Durante 2026, Amnistía Internacional, que continuó recibiendo nuevos testimonios de mujeres que enfrentaron barreras para acceder al aborto en el municipio, también pudo documentar un modus operandi ya conocido en Argentina: el de las ONG antiderechos que actúan dentro de los centros de salud de forma ilegal para obstruir el cumplimiento de la ley.
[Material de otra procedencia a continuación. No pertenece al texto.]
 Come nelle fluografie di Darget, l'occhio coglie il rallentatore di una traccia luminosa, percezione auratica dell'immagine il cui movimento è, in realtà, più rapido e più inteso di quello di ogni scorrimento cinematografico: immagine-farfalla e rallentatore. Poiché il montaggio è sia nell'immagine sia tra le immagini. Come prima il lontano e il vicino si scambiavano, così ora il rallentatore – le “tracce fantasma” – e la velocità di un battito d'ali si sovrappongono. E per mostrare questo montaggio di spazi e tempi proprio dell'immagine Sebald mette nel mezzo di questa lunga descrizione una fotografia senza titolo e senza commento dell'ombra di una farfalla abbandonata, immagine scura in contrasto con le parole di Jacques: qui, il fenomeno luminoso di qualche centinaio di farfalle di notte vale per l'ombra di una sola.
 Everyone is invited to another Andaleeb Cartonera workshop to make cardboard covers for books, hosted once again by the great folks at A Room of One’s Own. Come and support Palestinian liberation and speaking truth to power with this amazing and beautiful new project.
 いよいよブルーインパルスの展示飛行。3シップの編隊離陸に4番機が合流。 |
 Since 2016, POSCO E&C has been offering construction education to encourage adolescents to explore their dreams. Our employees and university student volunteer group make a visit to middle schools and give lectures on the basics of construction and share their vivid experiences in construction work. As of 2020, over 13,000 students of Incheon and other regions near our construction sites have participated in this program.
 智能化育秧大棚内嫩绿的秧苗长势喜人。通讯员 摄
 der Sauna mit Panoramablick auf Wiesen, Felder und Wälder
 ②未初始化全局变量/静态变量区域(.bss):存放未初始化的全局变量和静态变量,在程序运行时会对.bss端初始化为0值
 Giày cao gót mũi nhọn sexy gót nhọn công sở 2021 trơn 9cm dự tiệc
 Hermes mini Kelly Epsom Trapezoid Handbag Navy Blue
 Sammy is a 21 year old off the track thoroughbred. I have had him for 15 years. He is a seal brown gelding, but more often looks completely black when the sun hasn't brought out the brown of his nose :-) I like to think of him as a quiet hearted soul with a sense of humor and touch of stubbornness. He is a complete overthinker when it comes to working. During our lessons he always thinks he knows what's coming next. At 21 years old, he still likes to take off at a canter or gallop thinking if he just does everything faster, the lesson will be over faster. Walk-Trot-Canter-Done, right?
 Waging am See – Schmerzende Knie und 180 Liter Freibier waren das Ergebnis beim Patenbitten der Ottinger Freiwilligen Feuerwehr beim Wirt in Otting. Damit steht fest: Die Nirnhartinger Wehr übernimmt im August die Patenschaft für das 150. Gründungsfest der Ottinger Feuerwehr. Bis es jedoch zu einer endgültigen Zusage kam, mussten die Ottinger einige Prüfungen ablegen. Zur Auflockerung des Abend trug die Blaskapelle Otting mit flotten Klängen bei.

“Entre los patrones relevados –precisaron desde Amnistía- se destaca la presencia de personas sin vínculo formal acreditado con el sistema de salud en las inmediaciones del hospital. Quienes denunciaron obstáculos en el acceso relataron haber encontrado, a la salida del establecimiento, mujeres con pecheras identificatorias, una mesa y un cartel que decía: “¿Querés abortar? Te ayudamos”. Sin embargo, según los testimonios recibidos, esas intervenciones no estaban orientadas a brindar información objetiva sobre el acceso a una prestación legal de salud, sino a intentar modificar la decisión de quienes se acercaban a solicitar la práctica”.
“También existen indicios de que algunas de esas personas habrían ingresado al consultorio durante consultas médicas, lo que, de confirmarse, podría vulnerar el derecho a la privacidad de las pacientes y el deber de confidencialidad que rige toda atención sanitaria”. Todo esto, con la aparente “tolerancia o habilitación institucional” por parte del Municipio.
“Amnistía Internacional –concluyen en el apartado- solicitó información sobre el eventual vínculo laboral o institucional de estas personas, pero no recibió respuesta por parte del municipio”.